Stored data.
*-*-*
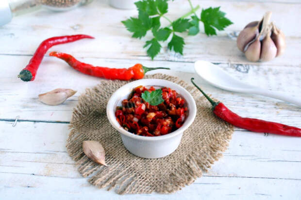 Острый перец с чесноком – приправа, которую можно применить зимой, добавляя в первые и вторые блюда. Рецепт подходит для стручков, которые немного подсохли, но не были израсходованы.
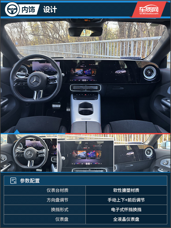 评测车的座舱采用时下流行的极简设计理念,软性材质与金属纹理饰板搭配得当,整体氛围既现代又富有精致感。全新的MBUX超级屏由10.25英寸全液晶仪表盘、14英寸中控屏以及14英寸副驾娱乐屏组成,圆润的边角设计十分可爱,也进一步强化了科技氛围。值得肯定的是,中控区域依然保留部分物理按键,在驾驶过程中能提供更便捷的盲操作体验。按键后方设置了手机无线充电板,紧随其后的是设计巧妙的杯架,其限位结构可伸缩折叠,能够适应不同尺寸的水杯或饮品容器,实用性表现不错。
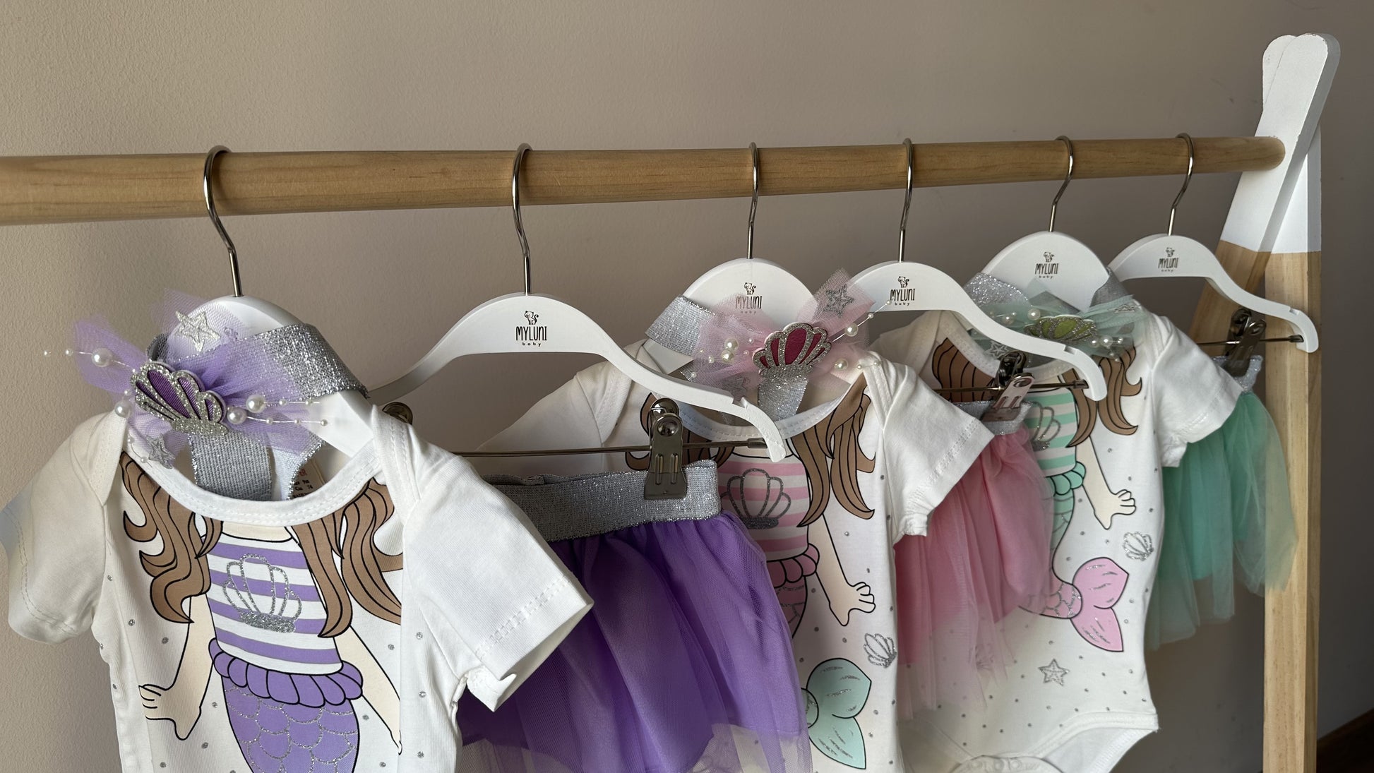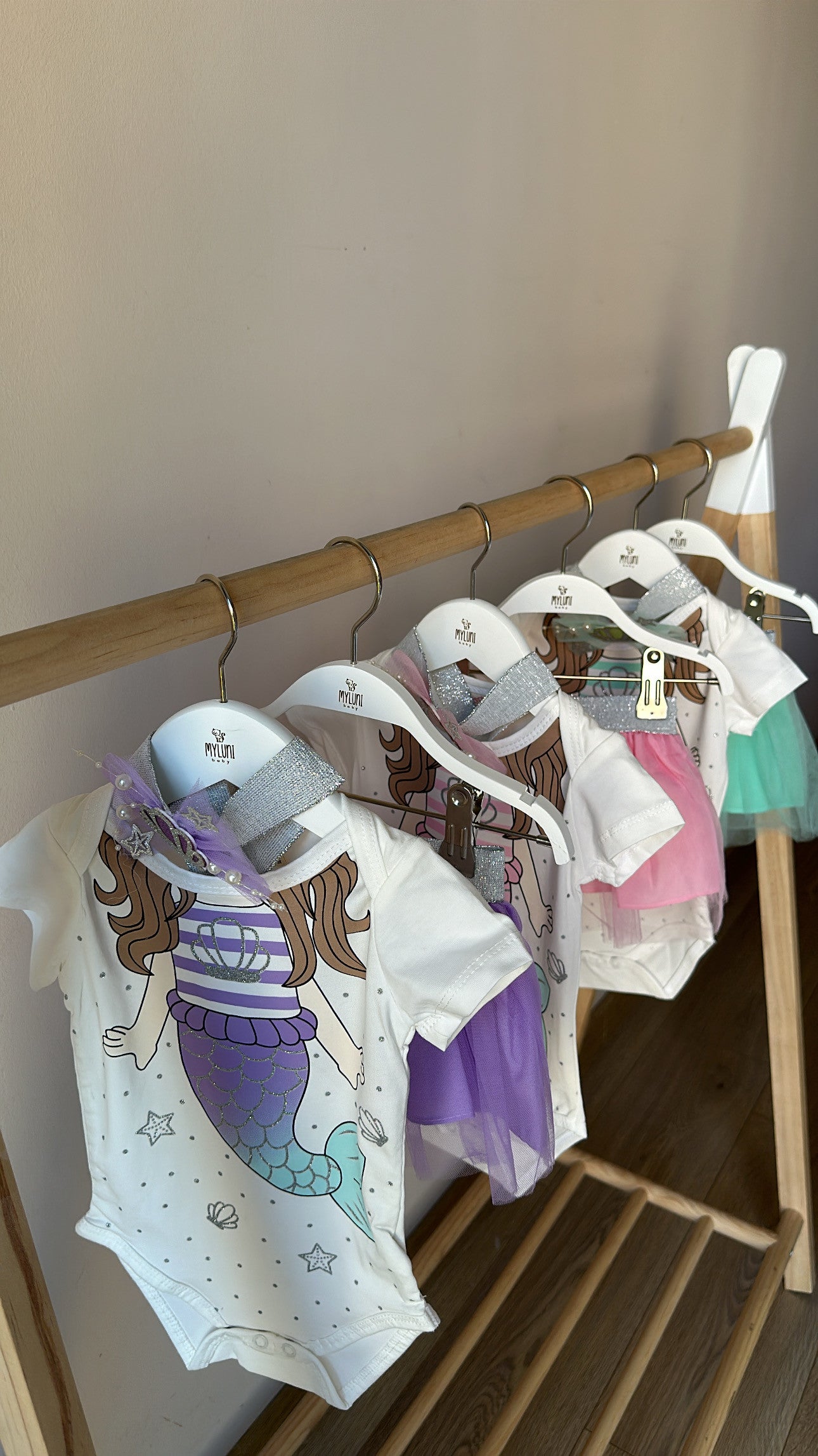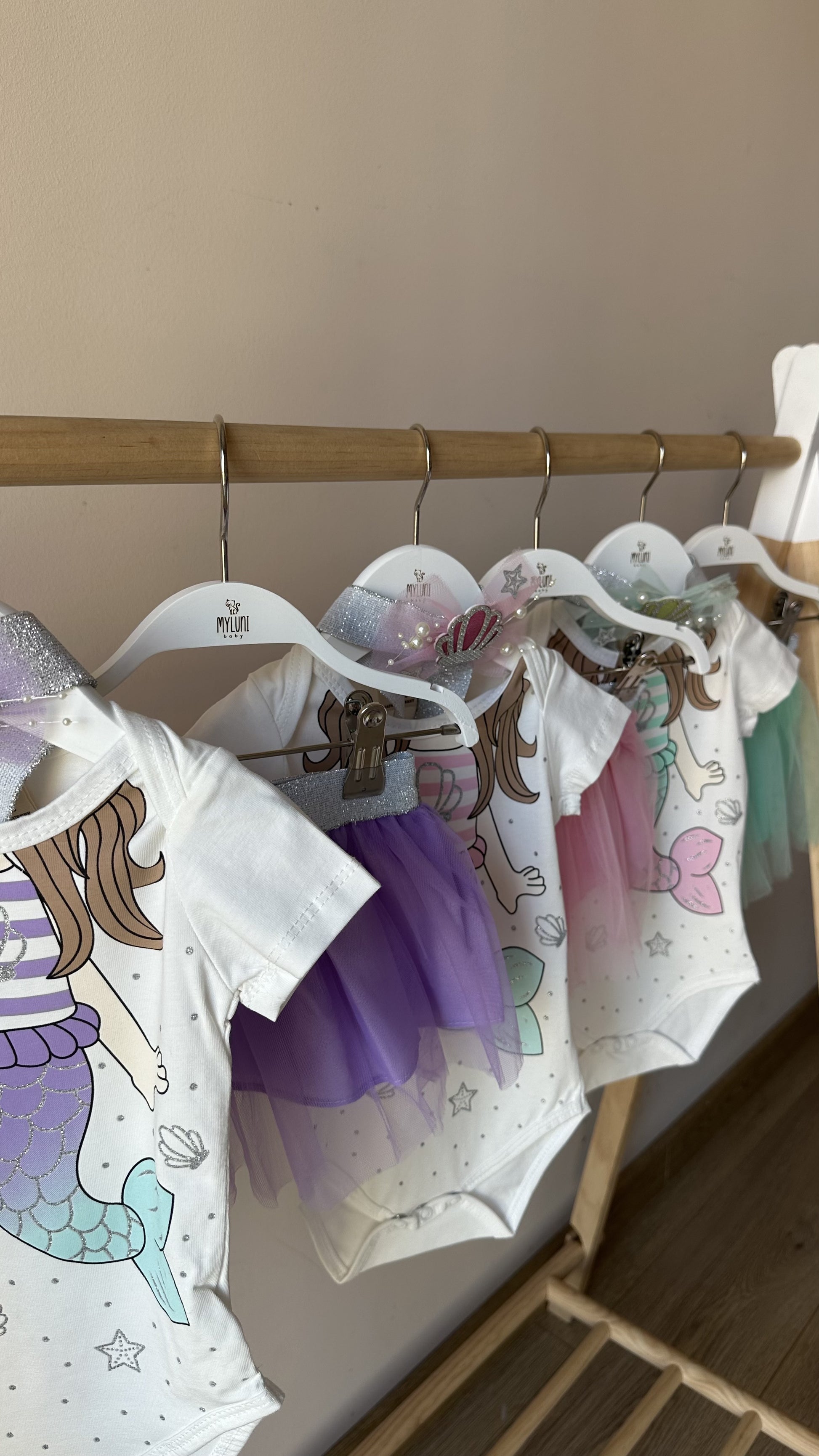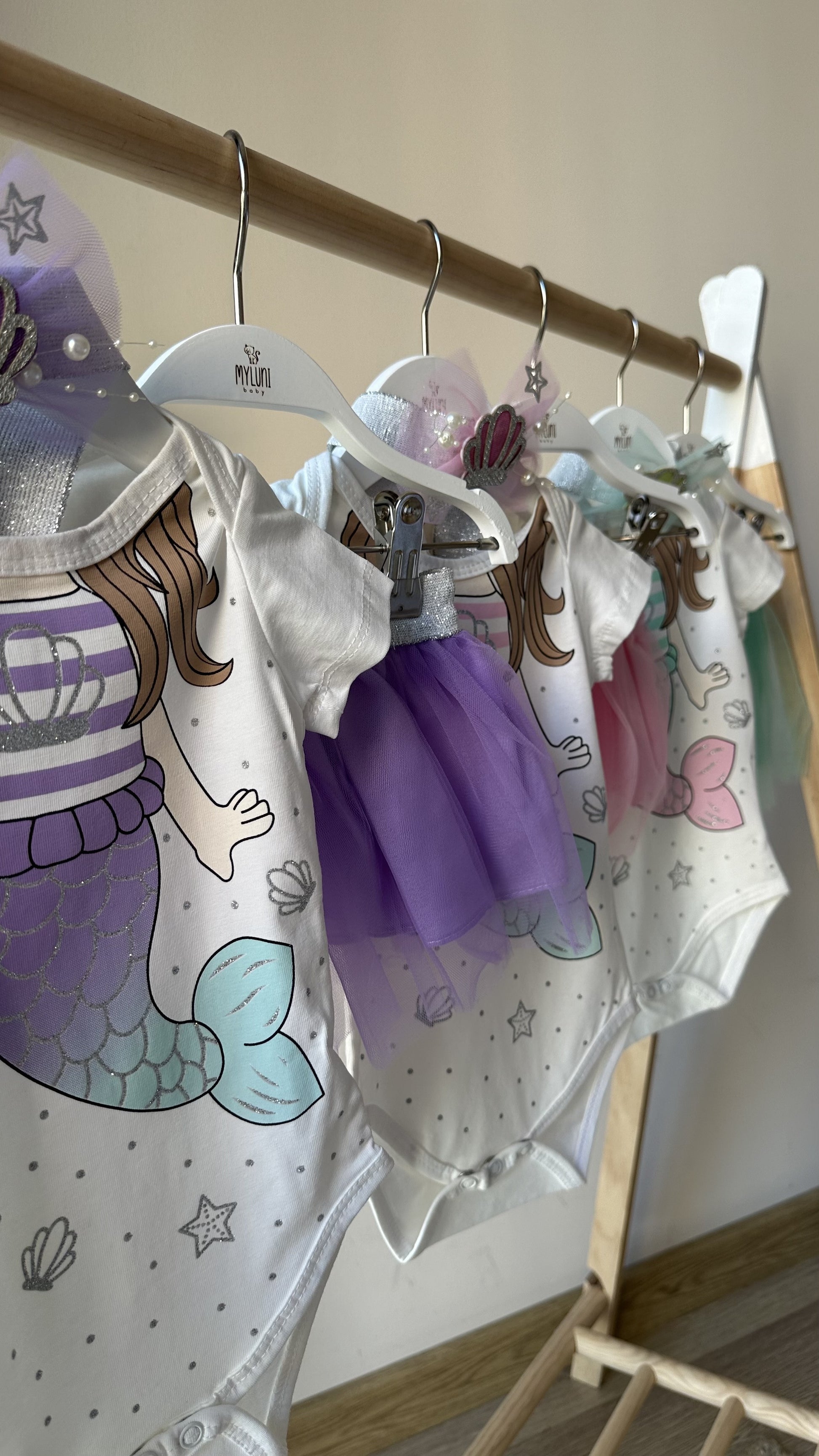 Deniz kızı baskılı, tütü etekli, saç bantlı 3'lü bebek takımı.
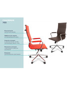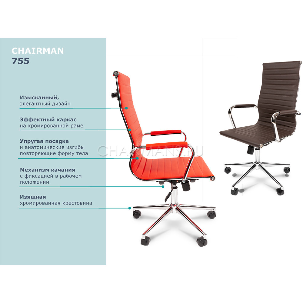 CHAIRMAN 755 Изящный силуэт и эффектный хром притягивают взгляды, а анатомические изгибы дарят непревзойденный комфорт. Упругая и комфортная посадка средней жесткости и анатомическая форма спинки. Кресло для тех, кто предпочитает сфокусироваться на важном, не отвлекаясь на лишнее. Строгость и графичность линий подчеркнута хромированными элементами и смотрится особенно элегантно и привлекательно. Особенности: Изысканный, элегантный дизайн. Эффектный каркас на хромированной раме. Упругая посадка и анатомические изгибы повторяющие форму тела. Механизм качания с фиксацией в рабочем положении. Изящная хромированная крестовина.
*-*-*
Work to be completed. Every line from the one that holds "评测车的座舱采用时下流行的极" to the end of the listing should be output exactly, with pictures left out, please.

Task output.
 评测车的座舱采用时下流行的极简设计理念,软性材质与金属纹理饰板搭配得当,整体氛围既现代又富有精致感。全新的MBUX超级屏由10.25英寸全液晶仪表盘、14英寸中控屏以及14英寸副驾娱乐屏组成,圆润的边角设计十分可爱,也进一步强化了科技氛围。值得肯定的是,中控区域依然保留部分物理按键,在驾驶过程中能提供更便捷的盲操作体验。按键后方设置了手机无线充电板,紧随其后的是设计巧妙的杯架,其限位结构可伸缩折叠,能够适应不同尺寸的水杯或饮品容器,实用性表现不错。
 Deniz kızı baskılı, tütü etekli, saç bantlı 3'lü bebek takımı.
 CHAIRMAN 755 Изящный силуэт и эффектный хром притягивают взгляды, а анатомические изгибы дарят непревзойденный комфорт. Упругая и комфортная посадка средней жесткости и анатомическая форма спинки. Кресло для тех, кто предпочитает сфокусироваться на важном, не отвлекаясь на лишнее. Строгость и графичность линий подчеркнута хромированными элементами и смотрится особенно элегантно и привлекательно. Особенности: Изысканный, элегантный дизайн. Эффектный каркас на хромированной раме. Упругая посадка и анатомические изгибы повторяющие форму тела. Механизм качания с фиксацией в рабочем положении. Изящная хромированная крестовина.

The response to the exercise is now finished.